Staff safeguarding training

Child protection and safeguarding is the responsibility of every member of staff. Give them the skills and knowledge they need to keep pupils safe with regular updates and training

Author details

Lisa Griffin is content lead at Optimus Education, focusing on leadership and governance. 

A culture of safeguarding is one where the safety of pupils is on the forefront of everyone’s minds and is everyone’s responsibility. Staff should query when things don’t seem right or if they’re unsure of legislation changes or updates.

A safeguarding culture is one which continually questions and improves. Staff should be asking when safeguarding training is happening, when policies are being updated etc.

If a serious incident occurs lessons must be learned from it with a review of policies and procedures to put in place measures to prevent the same thing happening again.

Who leads the training?

Keeping Children Safe in Education guidance states that the DSL should take responsibility for child protection and safeguarding training.

As part of safeguarding training for staff, DSLs should ensure:

  • child protection policies are known, understood, followed and accessible
  • child protection policies are reviewed annually (at least) and safeguarding procedures are reviewed regularly.

The DSL and any deputies should undergo training to provide them with the knowledge and skills required to carry out their role. This training should be updated at least every two years.

As well as formal training at least every other year, refresher training should be regularly updated (at least once a year). This could include but is not limited to:

  • networking with other DSLs
  • keeping up to date with changing legislation
  • attending child protection training/events.

Pupils and parents should know who the DSL is should they need to talk to them. Think about the different ways you could inform them, such as in assemblies, having posters on display in school or in communications home.

Effective staff training is an ongoing process of keeping everyone up to date with from initial induction, annual review and regular updates.

How often?

The guidance states that all staff should receive child protection and safeguarding training which is regularly updated. As well as this, all staff should receive updates as required, and at least annually. These could be via email or in staff meetings.

New staff will need a safeguarding induction.
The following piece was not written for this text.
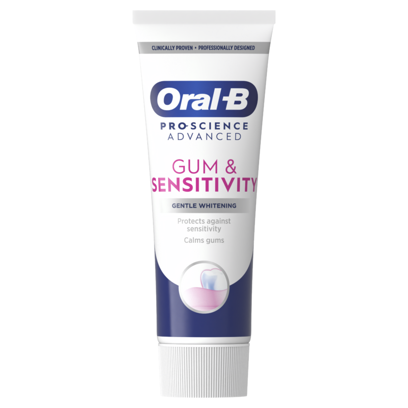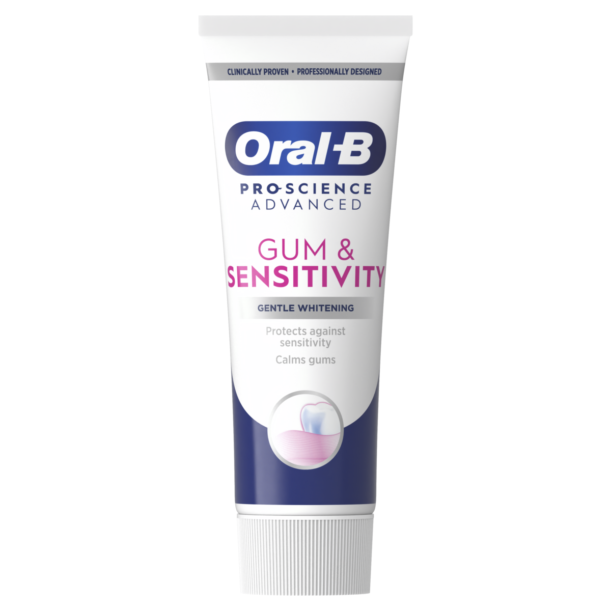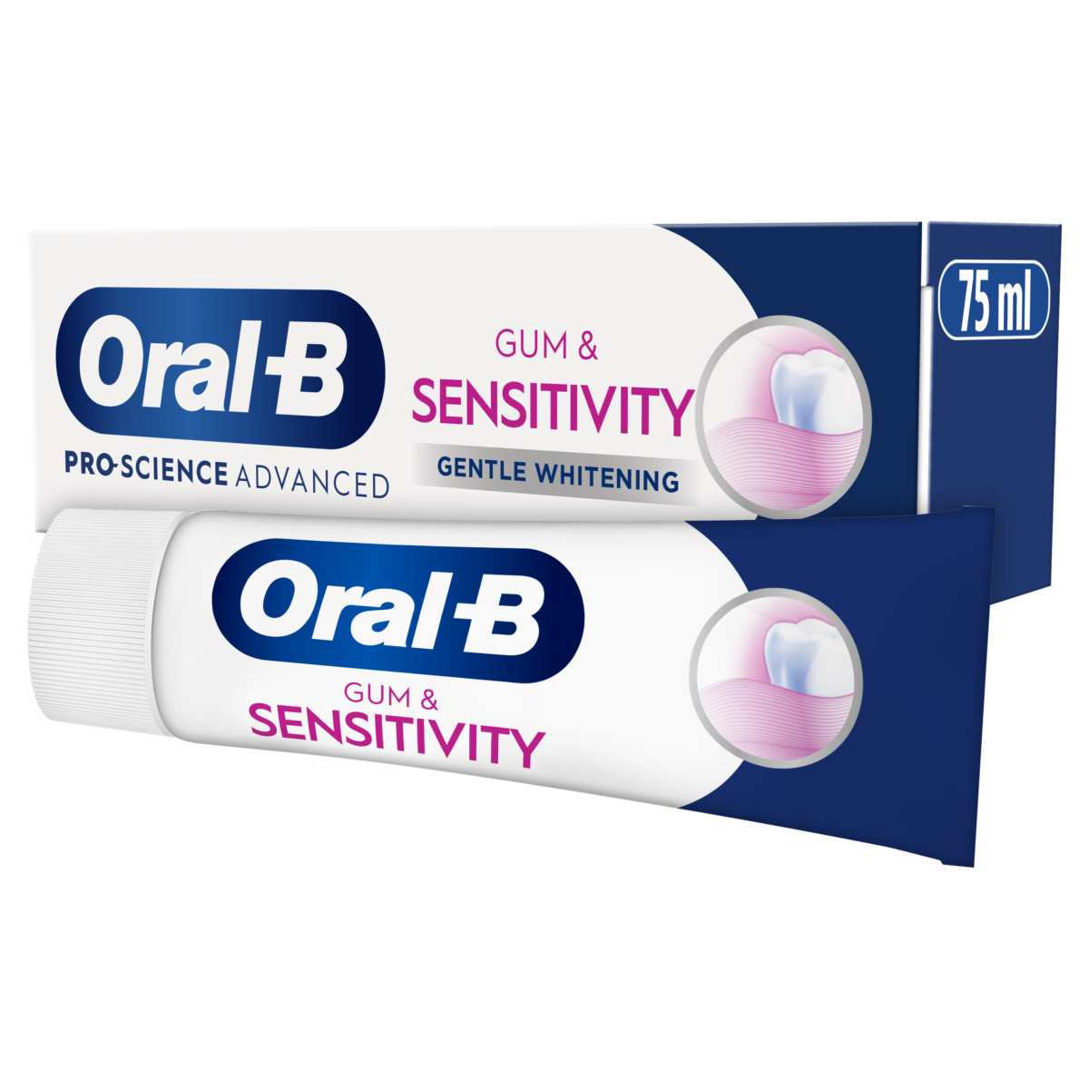 Oral-B Pro-Science Advanced Gum & Sensitivity Gentle Whitening hambapastal on kliiniliselt tõestatud kaitse tundlikkuse vastu ning see rahustab igemeid, et tekitada suus mugav tunne. Selle ainulaadne Activcalmi tehnoloogia loob kaitsekihi tundlike hammaste kaitseks, jahutab igemeid harjamise ajal ja järel ning pakub tänu õrnale vahule tõhusat leevendust.
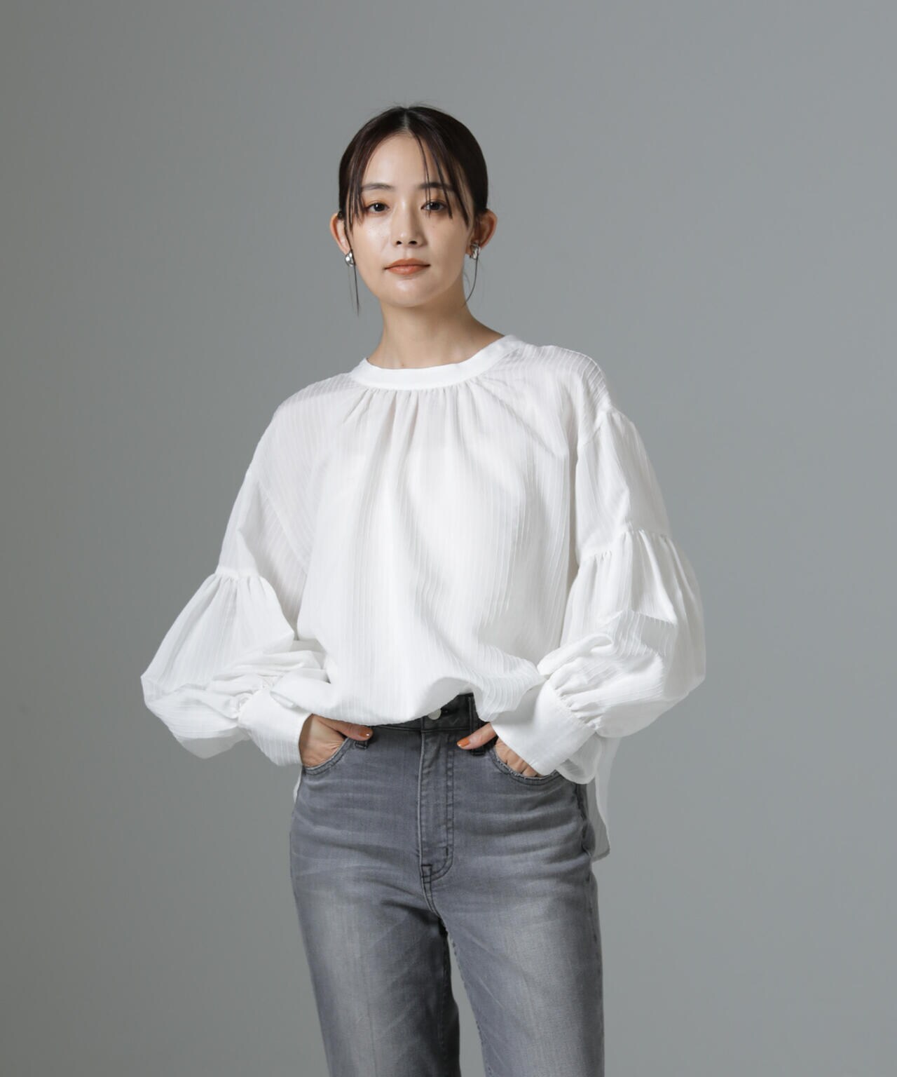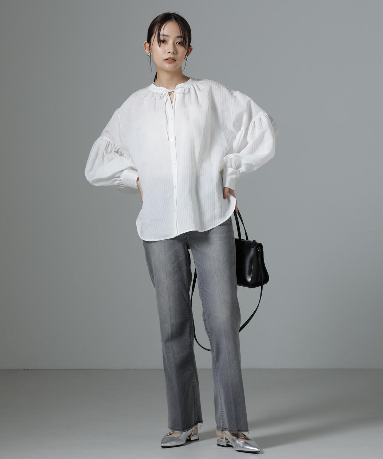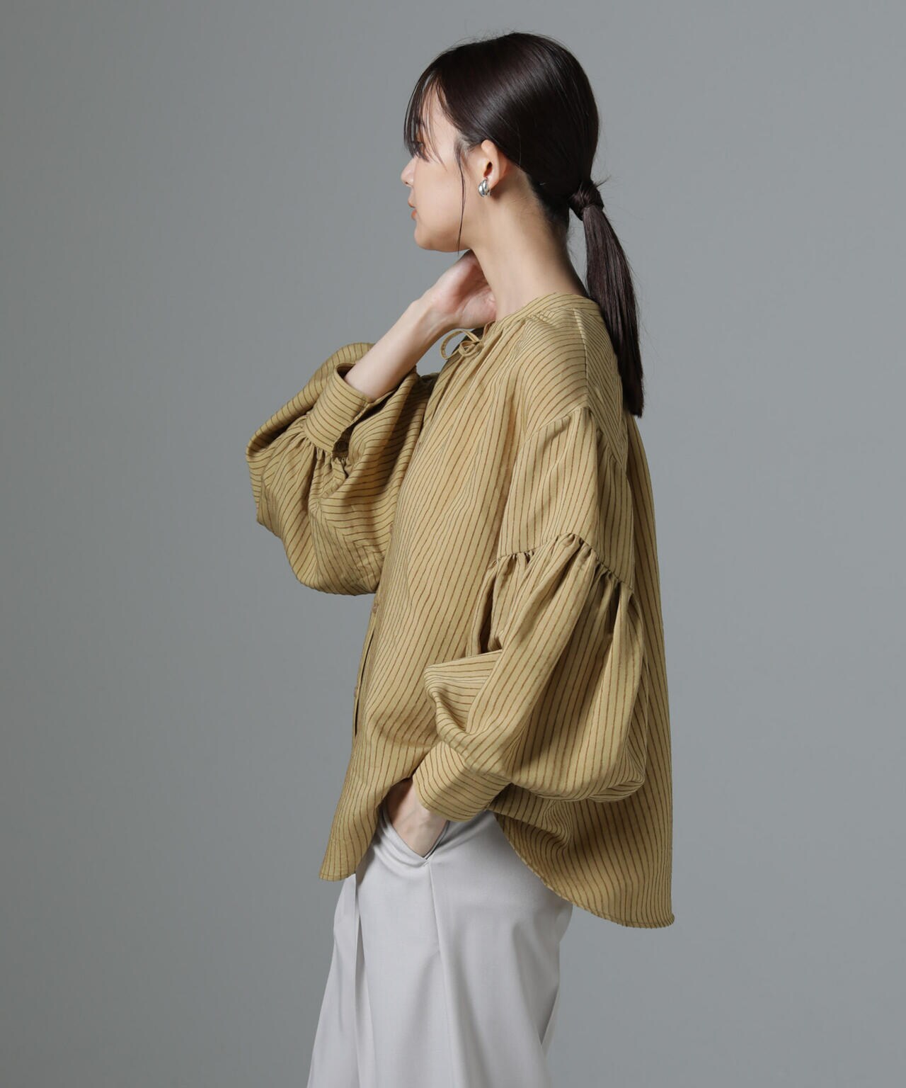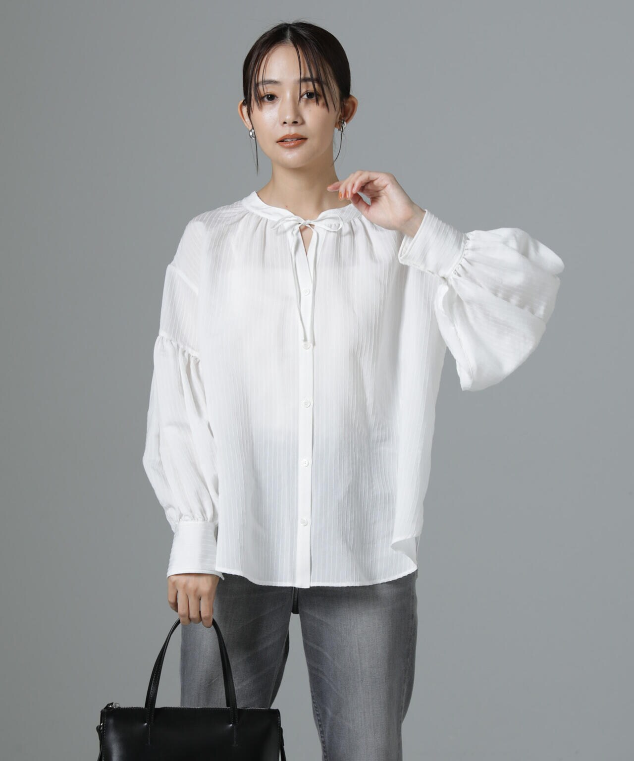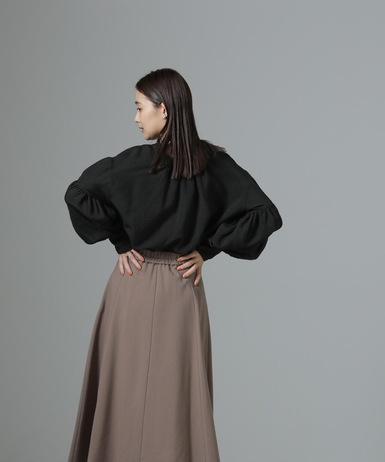 モールストライプデザインがポイントの前後2wayブラウス。リボンを外してスキッパー衿にして、抜け感を演出しても素敵◎。立体的なバルーンスリーブが、華やかさをプラスし一枚でしっかりとサマになるアイテムです。

The DSL will deliver this, which could include:

  • an introduction to the DSL and their role in the school
  • an introduction to any deputies and how their cover works should the DSL be unavailable when a concern arises
  • a simple questionnaire to be completed by each new member of staff so that the DSL can ascertain an overview of their knowledge, skills and understanding of their role in safeguarding pupils.

The DSL will need to keep records of staff training to show who has received what. Keep these records separate from other information such as the single central record. If the record contains only essential information, it should be straightforward to maintain.

What type of training?

It’s important to ensure you have the right training for the right people, at the right time, in the right format.

People learn differently so think about different formats for your staff training. It’s worth including staff in your planning if you can and asking what works for them.

You could use webinars, presentations, Q&As or safeguarding leaflets, for example. Allow plenty of space for staff to be able to ask questions  to help their understanding.

What works?

  • What’s best for learning?
  • What’s reliable and digestible?
  • Which format is best for sharing?
  • Which format is best for large groups?
  • Which format is best for smaller groups?

What needs to be covered?

The aim of the annual safeguarding training is to ensure that all staff are up to date with current safeguarding guidance and have a thorough understanding of your policies and procedures.

So, whether you're training a new or more experienced member of staff, the first step is to make sure that they understand what is set out in the school's child protection and safeguarding policy and where to find a copy.

You should also provide a copy of other relevant school policies and part one of KCSIE. Explain why these documents are so important and how they will help staff in their duty to safeguard pupils.

Staff should know, understand and use child protection policies appropriately and know that they have a duty to act on concerns. Relevant policies include:

After policies, an update on current guidance and any changes or additions over the past year would be useful. This could include:

  • their role in recognising signs of abuse and neglect
  • what to do if a child discloses to you
  • informing the DSL of their concerns
  • recording and reporting concerns
  • how CP files are stored and who has access
  • the school’s role in managing allegations against staff.

How do you evidence outcomes?

Leading the training is the first step. Once it’s been undertaken, you’ll need to be able to evidence staff learning.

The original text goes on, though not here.